2. Create a .env file in the same directory with your API keys:

GOOGLE_API_KEY=your_google_api_key_here
GITHUB_PERSONAL_ACCESS_TOKEN=your_github_pat_here

Using OpenAI or Anthropic instead? Change the LLM_PROVIDER and LLM_MODEL values in the compose file. Replace GOOGLE_API_KEY with OPENAI_API_KEY or ANTHROPIC_API_KEY in your .env. See .env.example for all supported providers.

3. Start everything:

docker compose up -d

# AWS Orchestrator running at http://localhost:10104
# TalkOps UI running at http://localhost:8080

That's it. Open http://localhost:8080 and start talking to the orchestrator.

From Source

If you want to run it directly (for development or customization):

Install uv for dependency management.
Clone the repo and create a virtual environment with Python 3.12:

git clone https://github.com/talkops-ai/aws-orchestrator-agent.git
cd aws-orchestrator-agent

uv venv --python=3.12
source .venv/bin/activate  # On Unix/macOS
# or
.venv\Scripts\activate  # On Windows

Install dependencies from pyproject.toml:

uv pip install -e .

Create a .env file and add your environment variables:

cp .env.example .env
# Edit .env — at minimum set your LLM API key

All available configuration options can be found in aws_orchestrator_agent/config/default.py. You can set any of these via your .env file.

Start the A2A server:

aws-orchestrator --host localhost --port 10104

To interact with the agent, we recommend using the TalkOps UI client. Pull and run it with Docker:

docker run -d \
  --name talkops-ui \
  -p 8080:80 \
  talkopsai/talkops:0.2.0

Then open http://localhost:8080 in your browser.

Usage

Basic

Create a VPC module with public and private subnets across 3 AZs

The system handles research, planning, skill creation, code generation, validation, and (optionally) GitHub commit. You approve the plan and the final output.
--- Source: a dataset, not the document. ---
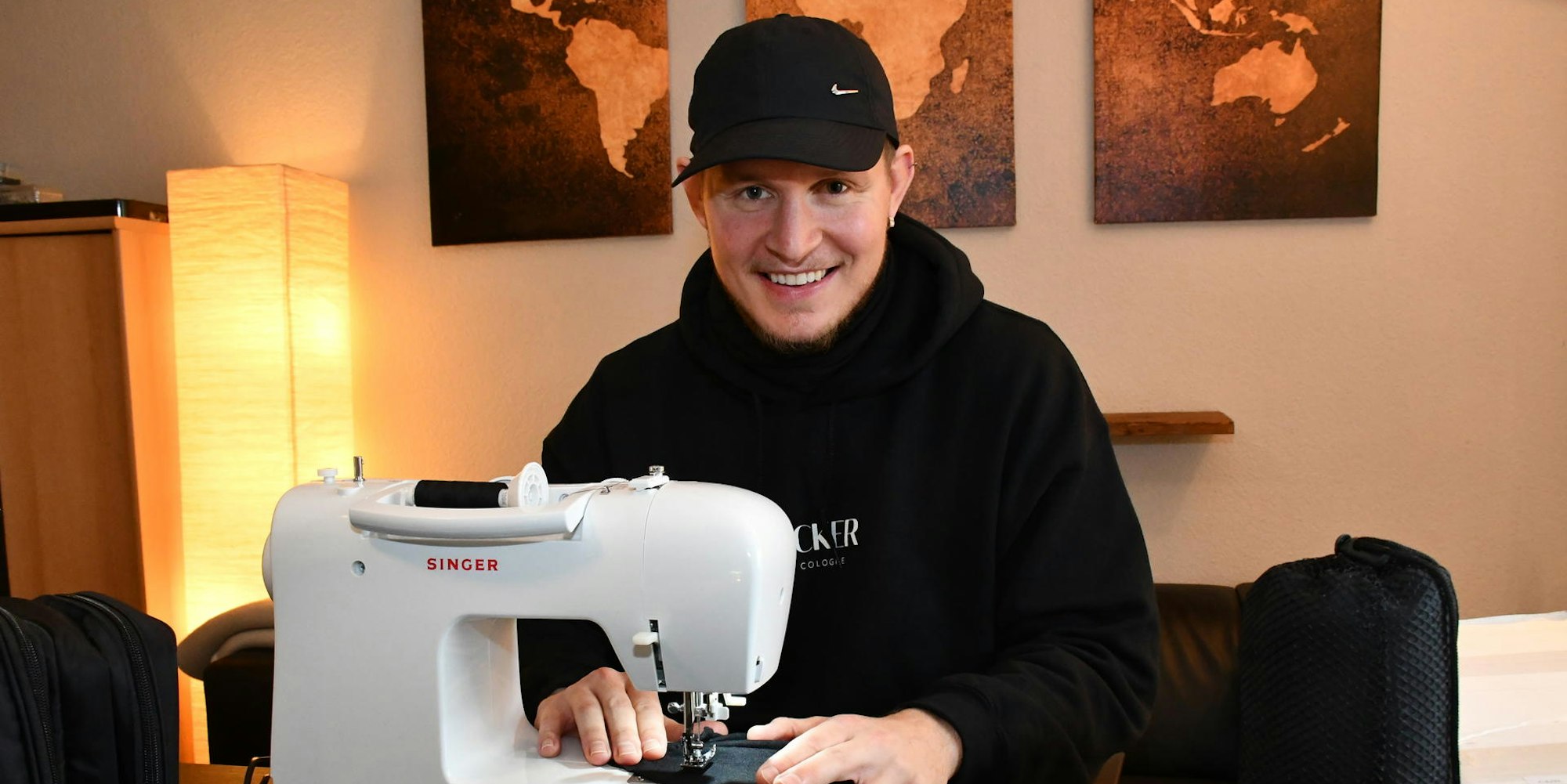 Hürth – Manchmal hat man Pech. So wie Gründer und Erfinder Nils Schneider. Die ersten 100 Kapuzenpullis mit eingenähter Maske hatte der 30-jährige Tüftler verkauft, die jungen Käufer waren begeistert, und Schneider stand kurz davor, seine schwarzen Masken-Hoodies unter dem Label „Jücker“ – angelehnt ans kölsche „op Jück“, also auf Reisen – in den Regalen einer Kaufhauskette zu platzieren.

With specific requirements

Generate Terraform for an S3 bucket with server-side encryption,
versioning, lifecycle rules, and cross-region replication to us-west-2.

More examples

Create an EKS cluster module with managed node groups and IRSA

Update the VPC module on my-org/infra-modules to add a NAT gateway per AZ

Generate a Lambda function module with API Gateway trigger and DynamoDB access

Agent Details

Each agent has a defined scope and its own set of tools.

Supervisor Agent

Entry point. Routes requests — Terraform tasks go to the TF Coordinator, everything else gets handled directly (greetings, out-of-scope guidance).

Tools: transfer_to_terraform, request_human_input

TF Coordinator (Deep Agent)

The brain. Orchestrates the full module lifecycle — decides which sub-agents to invoke and in what order. Manages virtual filesystem, skills, and memory. Reads HITL policies at session start.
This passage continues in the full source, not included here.